*** Data shown Section Begins ***

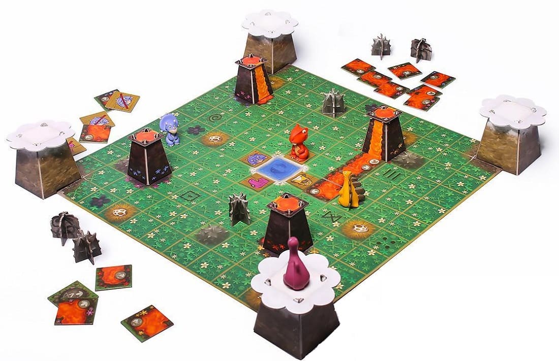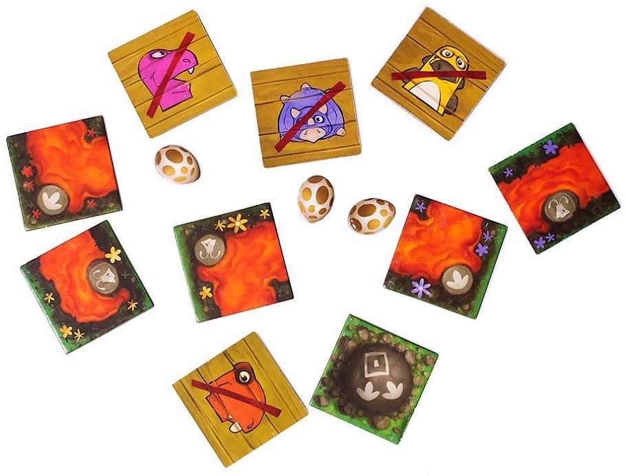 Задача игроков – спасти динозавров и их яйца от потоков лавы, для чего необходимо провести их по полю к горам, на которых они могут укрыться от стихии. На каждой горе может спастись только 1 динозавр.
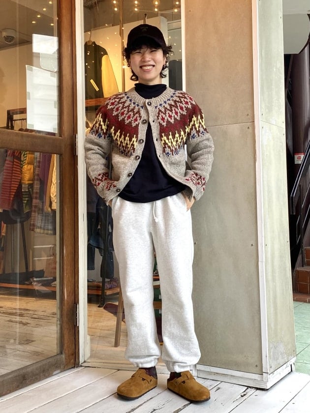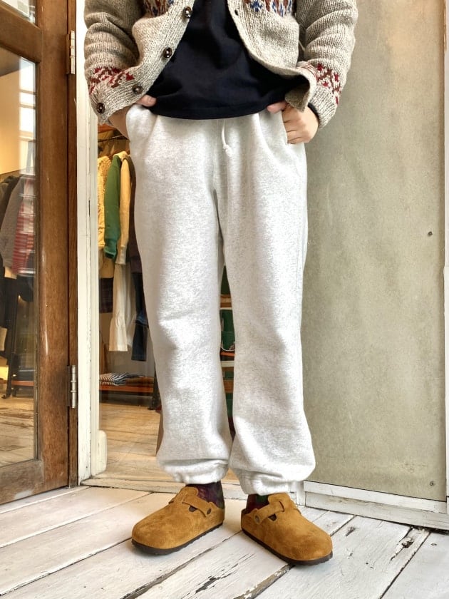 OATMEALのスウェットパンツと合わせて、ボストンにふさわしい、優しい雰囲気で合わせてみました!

*** Data shown Section Ends ***
*** Data shown Section Begins ***

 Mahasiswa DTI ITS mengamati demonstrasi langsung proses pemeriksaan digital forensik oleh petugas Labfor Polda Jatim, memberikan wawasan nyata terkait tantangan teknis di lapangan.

*** Data shown Section Ends ***

* **The problem**: The lines above from the line with "Задача игроков –" through the line with "OATMEALのスウェットパ" are to be given again word for word, with no pictures among them.

* **Problem solution**:
 Задача игроков – спасти динозавров и их яйца от потоков лавы, для чего необходимо провести их по полю к горам, на которых они могут укрыться от стихии. На каждой горе может спастись только 1 динозавр.
 OATMEALのスウェットパンツと合わせて、ボストンにふさわしい、優しい雰囲気で合わせてみました!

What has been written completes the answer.